Royal Reels: Gambling


Four stampless entires recently appeared at a single Australian auction site, all of postal history significance, but the first seen was of the greatest interest as it linked this early immigrant, John Leake to the Governor of Van Diemen’s Land, William Denison. It is addressed to John Leake Esq, Rosedale, Perth, the latter being crossed out and Campbell Town substituted. In the top left hand corner there is a Postmaster’s handstamp, a black boxed ‘CAMP TOWN/ 2. NOV 51.’, the ‘CAMP’ being an abbreviation for Campbell Town. All examples of this postal mark dated November 1851 show the month as all capitals, whereas in the usual examples only the first letter of the month is capitalized.. At the lower left is signature ‘W. Denison’ and at the top right vertically written is ‘W.D. 30 Oct 51’ in blue ink. The indistinct red postmark is a Hobart [Crown] Free November 1 1851 mark (Figure 1).

Sir William Denison was the Lieutenant Governor of Tasmania from 1847-1855 and he then became the Governor of New South Wales from 1855-1861. John Leake was born 5 December 1780 at Ellington Kent, England the son of Robert Leake and his wife Sarah. His family were partners in the mercantile firm of Travis and Leake of Hull. John served as an ensign in the Hull Volunteers and saw active service in the Napoleonic War before 1805, when he married Elizabeth (1786-1852), the daughter of William Bell, a Hull merchant. At the end of the war he took his family of 6 sons to Hamburg, where he was representative for many Yorkshire business houses, as well as a member of the committee for managing the affairs of the Church of England.

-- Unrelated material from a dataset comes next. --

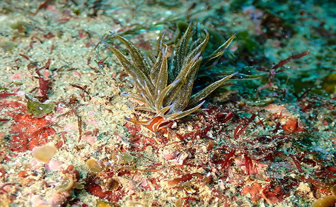 日本屈指の地形ポイントで、海の宝石とも謳われるウミウシや甲殻類などの生物を堪能できるので、フォト派ダイバーの方にもおすすめです。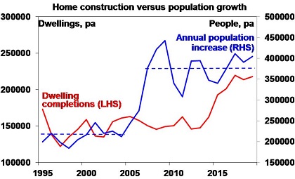 Annual population growth since mid-last decade has averaged 373,000 people compared to 217,000 over the decade to 2005, which requires roughly an extra 75,000 homes per year. Unfortunately, the supply of dwellings did not keep pace with the population surge (see the next chart) so a massive shortfall built up driving high home prices. Thanks to the surge in unit supply since 2015 this is now being worked off, but it follows more than a decade of accumulated undersupply which is the main reason why housing has remained relatively expensive in Australia. Not tax breaks or low rates – all of which exist in other countries with far more affordable housing!

He decided to emigrate in 1822 and with letters from the Colonial Office and the British consul at Hamburg, he arrived in Hobart Town with most of his family and 2 servants in the Andromeda in May 1823. For importing merchandise of £3000 he was granted 2000 acres of land which he chose in the area of the Elizabeth and Macquarie Rivers, near Campbell Town. He established his family on his property, Rosedale, and left its management to his eldest son William, whilst he acted as accountant in the Derwent Bank in Hobart. By May 1828, he had large flocks of sheep, a nine-roomed stone and brick house with barns and other improvements.

The government was pleased with his industry and profit from sales of wool and wheat, and he was granted an additional 2,000 acres of land, adjoining to Rosedale. In 1830 he took over management of the farm, and William replaced him at the bank. Later he returned to banking, conducting a local branch of the Commercial Bank at its opening in 1838. John Leake was made a justice of the peace in 1832, acting as police magistrate at Campbell Town in the absence of the regular officer in 1834. In this capacity he was well liked, his decisions were acknowledged to be good and kindly, and he was admired for his sagacity and industry.

He was nominated to the Legislative Council in 1846, then lost his seat but recovered it in 1848, being a government nominee on the Council until 1856. He became a personal friend of Governor William Denison, and one of his chief supporters for the continuance of convict transportation. He successfully employed convicts with encouragement and kindliness, advocating the rehabilitation of the prisoners. In 1856 he retired to ‘Rosedale’ which had been restyled in the 1840’s by James Blackburn into a stately Italian villa (Figure 2).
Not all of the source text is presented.